Wednesday, 28 July 2010

Scientific papers as audio content?

We have started to experiment with reading articles and providing them as MP3 files or podcasts (see the facebook page or the blogpost). So far I found for myself a number of places where I like it - from gym to car. Perhaps we should make it mandatory that the camera ready version of the paper is the PDF, the source, and an audio file (e.g. the paper read by the author or a description of the work - I guess the authors reading their papers could improve some papers as the authors would be finally read what they write ;-)

Coming across this sign in a bookshop in Essen made me smile - especially as we look into ways that may making reading feasible while driving [1].

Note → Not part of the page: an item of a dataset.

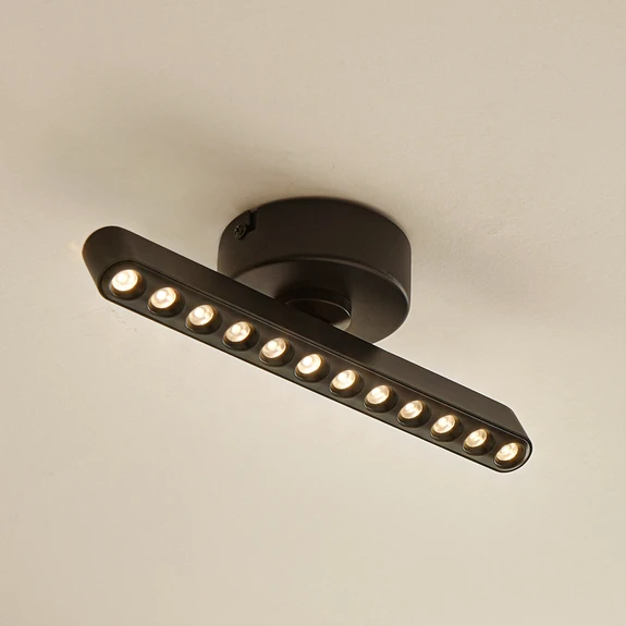 Svart Eldrin LED-spotlight i järn med praktisk dimmerfunktion Eldrin LED-spotlight kombinerar modern estetik med funktionell ljusteknik. Den moderna designen smälter sömlöst in i olika rumskoncept och är särskilt lämplig för vardagsrum, matplatser och korridorer. Lamphuvudet är rörligt och kan vridas 350° och svängas 90°. En väggbrytare gör att spoten kan tändas och släckas som vanligt. Tack vare 3-stegsdimmertekniken med integrerad avstängningsfunktion kan den dessutom dimmas till tre olika ljusstyrkor genom att trycka flera gånger på strömbrytaren: 100 %, 50 % och 10 %.

[1] Kern, D., Marshall, P., and Schmidt, A. 2010. Gazemarks: gaze-based visual placeholders to ease attention switching. In Proceedings of the 28th international Conference on Human Factors in Computing Systems (Atlanta, Georgia, USA, April 10 - 15, 2010). CHI '10. ACM, New York, NY, 2093-2102. DOI= http://doi.acm.org/10.1145/1753326.1753646

PS: to answer some of the questions about the audio files of research papers I got recently: Yes, I think it is nice to have real humans reading. Yes, I know that there are brilliant text to speech software (but as long as they do the Simpsons with actor's voices we are not there yet).